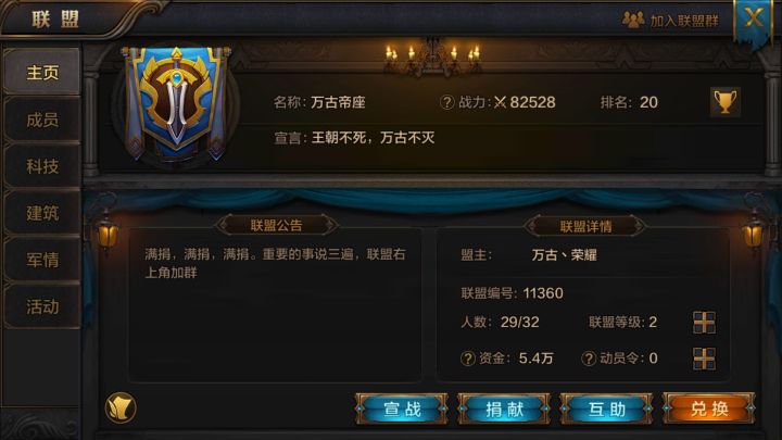 《我的王朝》是一款国战类的游戏,由于国战类游戏的特殊性,所以在王朝世界里,联盟玩法是一个很重要的版块,那么联盟玩法的各个功能又是如何操作呢,今天就让各位领主们跟着笔者的步伐,让我们慢慢来解读解读。游戏之初,当各位领主们加入到自己喜欢的联盟后,就会开放联盟系统玩法,各位领主们可以在联盟里面找到志同道合的小伙伴,可以在联盟里成员之间互帮互助,可以在联盟里兑换各种资源等,联盟玩法还是非常受人欢迎的。【
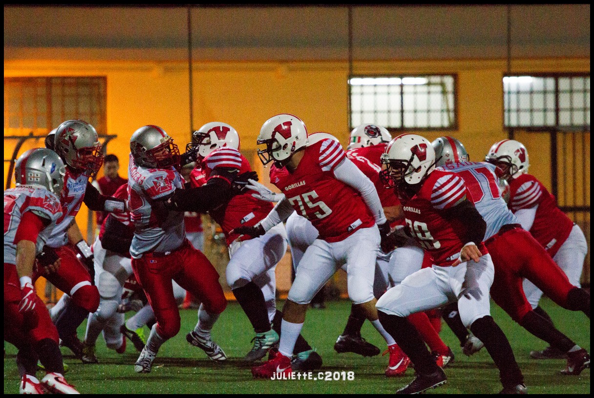 Durante il primo quarto, a parte le solite inevitabili fallosità da ambo le parti, si può notare un Matia Pisu che nel ricevere l’ovale crea subbuglio tra i varesini, faticanti nel controllare le fulminee movenze seguite dalle note progressioni da centometrista. Di lì a poco il risultato viene sbloccato: si può solo intuire lo sviluppo dell’azione che permette a Riccardo Pili di correre con caparbietà verso l’end zone. Merito di una farsa condita di finte che oltre a confondere gli spettatori fa perdere l’orientamento anche ai Gorillas: quando si accorgono dell’inghippo è già troppo tardi. Andrea Lianas tenta la pedata addizionale ma non azzecca il bersaglio, giustificandosi scherzosamente di non aver orientato bene la caviglia al momento di indossare le scarpette.
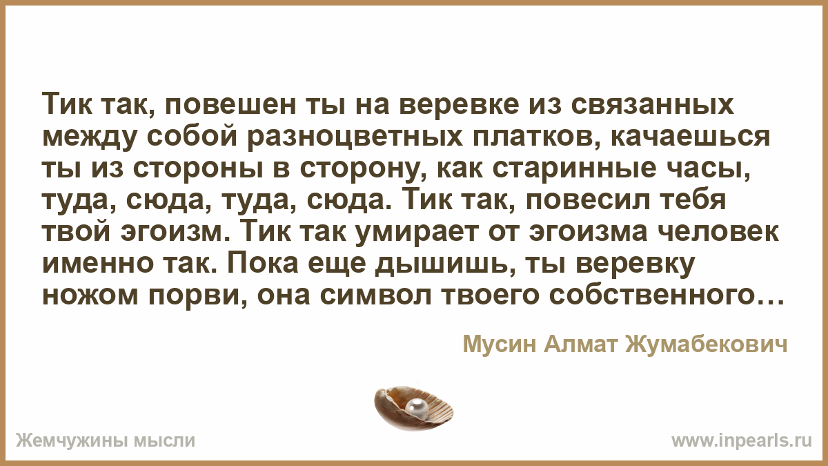 Тик так, повешен ты на веревке из связанных между собой разноцветных платков, качаешься ты из стороны в сторону, как старинные часы, туда, сюда, туда, сюда. Тик так, повесил тебя твой эгоизм. Тик так умирает от эгоизма человек именно так. Пока еще дышишь, ты веревку ножом порви, она символ твоего собственного эгоизма, порви, и как птица в небе пари, пари, пари.
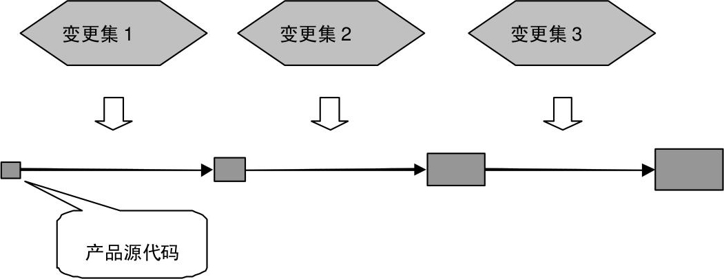 这样的一个一个变更集,累加在一起,实现了整个软件的从无到有,直到开发完成(见图3-2)。
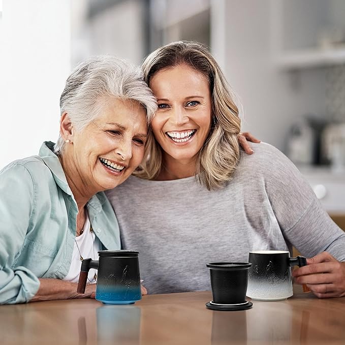 suyika Ceramic Tea Cup with Infuser and Lid, Gradient Embossed Large Tea Mug Wooden Handle for Steeping Loose Leaf, Tea Lover Gifts 15.2 oz / 450 ml,Matte Black

───

▶ **PROBLEM STATEMENT**
All that is needed is the data above, repeated exactly, without the pictures.

▶ **SOLUTION TO THIS TASK**
 《我的王朝》是一款国战类的游戏,由于国战类游戏的特殊性,所以在王朝世界里,联盟玩法是一个很重要的版块,那么联盟玩法的各个功能又是如何操作呢,今天就让各位领主们跟着笔者的步伐,让我们慢慢来解读解读。游戏之初,当各位领主们加入到自己喜欢的联盟后,就会开放联盟系统玩法,各位领主们可以在联盟里面找到志同道合的小伙伴,可以在联盟里成员之间互帮互助,可以在联盟里兑换各种资源等,联盟玩法还是非常受人欢迎的。【
 Durante il primo quarto, a parte le solite inevitabili fallosità da ambo le parti, si può notare un Matia Pisu che nel ricevere l’ovale crea subbuglio tra i varesini, faticanti nel controllare le fulminee movenze seguite dalle note progressioni da centometrista. Di lì a poco il risultato viene sbloccato: si può solo intuire lo sviluppo dell’azione che permette a Riccardo Pili di correre con caparbietà verso l’end zone. Merito di una farsa condita di finte che oltre a confondere gli spettatori fa perdere l’orientamento anche ai Gorillas: quando si accorgono dell’inghippo è già troppo tardi. Andrea Lianas tenta la pedata addizionale ma non azzecca il bersaglio, giustificandosi scherzosamente di non aver orientato bene la caviglia al momento di indossare le scarpette.
 Тик так, повешен ты на веревке из связанных между собой разноцветных платков, качаешься ты из стороны в сторону, как старинные часы, туда, сюда, туда, сюда. Тик так, повесил тебя твой эгоизм. Тик так умирает от эгоизма человек именно так. Пока еще дышишь, ты веревку ножом порви, она символ твоего собственного эгоизма, порви, и как птица в небе пари, пари, пари.
 这样的一个一个变更集,累加在一起,实现了整个软件的从无到有,直到开发完成(见图3-2)。
 suyika Ceramic Tea Cup with Infuser and Lid, Gradient Embossed Large Tea Mug Wooden Handle for Steeping Loose Leaf, Tea Lover Gifts 15.2 oz / 450 ml,Matte Black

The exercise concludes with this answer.